MONTGOMERY — The Alabama Public Library Service (APLS) approved on Thursday an amended list of proposed administrative rule changes from Gov. Kay Ivey after months of back-and-forth over policies addressing sexually explicit children's books.

The APLS board met Thursday to vote on the proposed rules after a lengthy 90-day public comment period that garnered over 6,475 letters. Most of the letters, both in support and opposition, said that Ivey's recommendations were too vague.

Ivey became involved after Alabama residents began petitioning the APLS board to address the recent statewide controversy surrounding sexually explicit or inappropriate books in the children's section of public libraries.

In September, Ivey sent a letter to APLS Director Nancy Pack demanding answers about the sexually explicit books and APLS's connection with the American Library Association (ALA).

Ivey later responded by offering a series of policy recommendations, which were delayed during the public comment portion of the rules' deliberation.
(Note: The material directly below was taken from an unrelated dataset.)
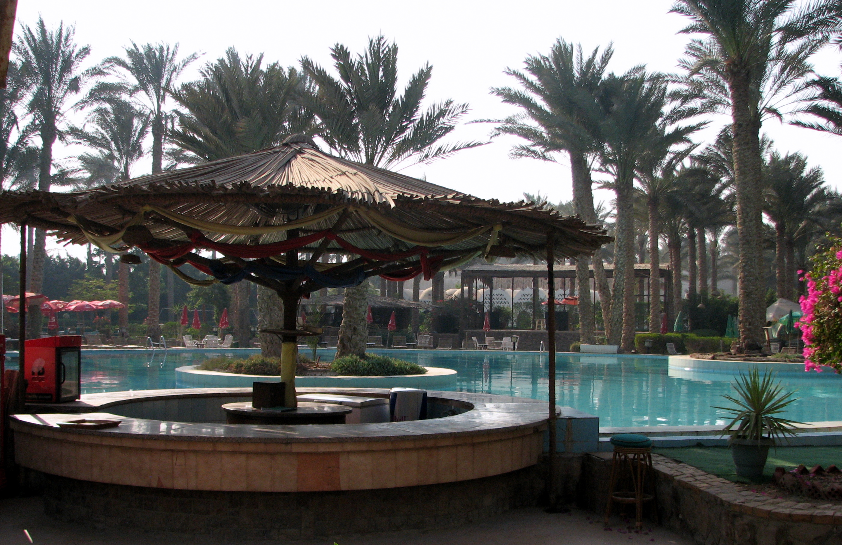 After visiting the Step Pyramid it was around 2 pm and very hot. When our air-conditioned bus stopped and we were asked to step outside, I did not want to leave and face the heat again. But we had no choice, we were going to have lunch. Following our tour guide we went towards a door which looked like the entrance to a monastery.But  it was not a monastery. It was more like an Oasis, with lush vegetation, beautiful flowers, and the most beautiful swimming pool surrounded by palm trees.

The policy recommendations dictate the criteria libraries must meet to receive state funding, with most changes involving placement and selection policies to avoid directly placing sexually explicit books in the children's section.

APLS board member and Alabama GOP Chairman John Wahl proposed amendments to Ivey's recommendation, which he says stemmed from observations made during the public comment period.

Wahl said the amendments did not diminish Ivey's recommendations; instead, they would add specificity so librarians know what is expected of them.

Board Chair Ron Snider said he did not support adding the amendments to the rules and did not want APLS to get involved in litigation, such as the recently filed federal lawsuit against the Prattville library, which enacted similar policies in the amendments.

Wahl motioned to advance the amendments despite Snider's protests, saying he consulted Ivey's office and the attorney general's office.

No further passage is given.